Introduction

"Have One On Me" by Ashton Douglass was originally published in Paris, where its absolute frankness about subject matter rarely touched on in any novel got it promptly banned by the French authorities. The copies which survived censorship were quickly reprinted and had an enormous underground circulation among collectors of the "avant garde" erotic novel both in London, Paris and elsewhere on the Continent. Even case-hardened connoisseurs of erotica were startled by the unusually frank treatment of previously taboo subject matter which was so daringly presented by the author.

No matter how bizarre, oversexed and abnormal the characters so vividly presented in this story may seem, the current sexual revolution has made us realize that the happenings so realistically presented here are actually not as far out as one might think. The headlines in the daily papers will immediately bear out this observation for the interested reader.

However, even the most blase reader will agree that such open treatment of incest in its fullest details, prostitution, sodomy, lesbi anism and perversion has never been seen between the covers of a book. The secret vices and complete disintegration of what appears to be a normal, middle-class family is portrayed with such reality that we feel that the author is revealing his own family skeletons in the closet.
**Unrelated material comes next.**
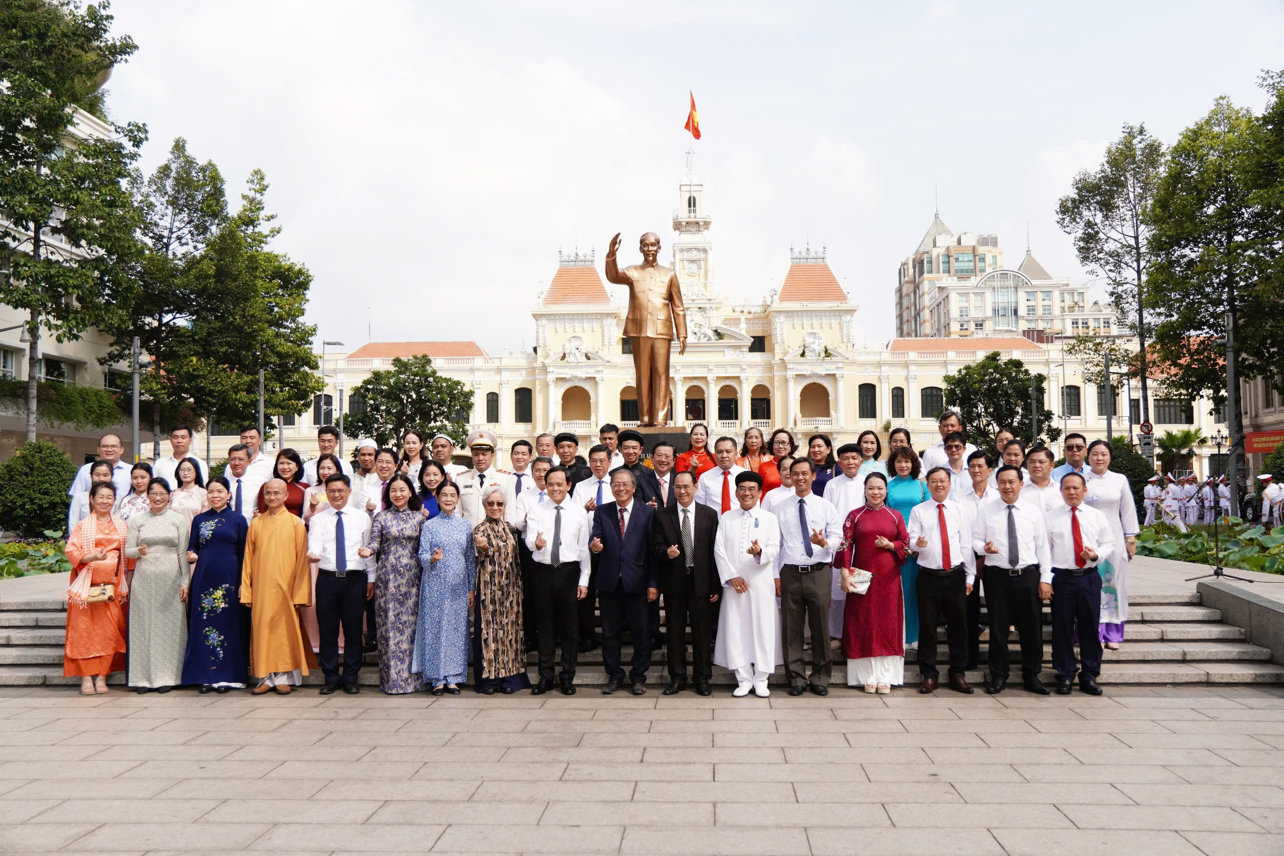 Tham gia đoàn có ông Dương Anh Đức, Ủy viên Ban Thường vụ Thành ủy, Trưởng ban Tuyên giáo và Dân vận Thành ủy TP.HCM cùng lãnh đạo các sở, ban, ngành và lực lượng vũ trang.

The brilliant psychoanalyst, Alfred Adler, has made the following most pertinent observation:

"The young writer is frequently a motherfixated individual with strong subconscious homosexual tendencies. His first novel is likely to be the frankest and most realistic of his works. It represents the secret outpourings of his unconscious neuroses, his guilty fixations flood onto the paper as if by this act he can free himself of the tormenting burden he has been carrying since childhood. Sometimes this so-called 1 'literary catharsis" will work and the individual sees his masochistic mental gyrations more objectively. More often the neurotic pattern of perverse behavior is so ingrained that the same pattern of psychic behavior is simply repeated in a different environment.
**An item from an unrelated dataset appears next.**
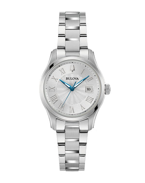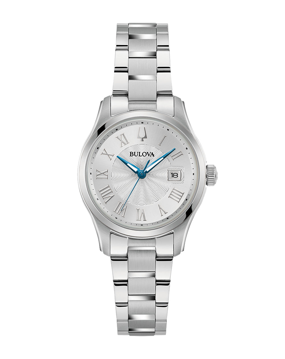 Read MoreVersatile elegance is evident in the many features and details of the Wilton 3 hand quartz timepiece from the Bulova Classic collection. This watch features a brushed silver-tone stainless steel case set with a white 3-hand dial with a clous de paris intricately textured detail, calendar, polished Roman numeral markers, and a domed crystal. The silver-tone stainless steel bracelet features a deployant buckle with pushers for easy release. Get back to basics in style with the classic Wilton from Bulova.

The sexually sick individual always requires some analytic help. The insight required for a cure or remission of most perverse symptoms can rarely be arrived at by the patient alone."

The reader will have to decide for himself what the ultimate destiny of the central char acter of "Have One On Me" is apt to be. But, the events leading up to the dramatic finale will keep him spellbound.

Continental Classics once again brings to the reading public a novel of compelling, modern interest. Because of the subject matter, it is recommended only for serious students of psychology or sociology and the mature general reader.

Allan Saunders, MA. New York City, January 1968

Archive Note: The truly amazing number of misspellings in the original pocketbook are faithfully reproduced in this text. No attempt whatsoever has been made to correct the misspelled or misused words.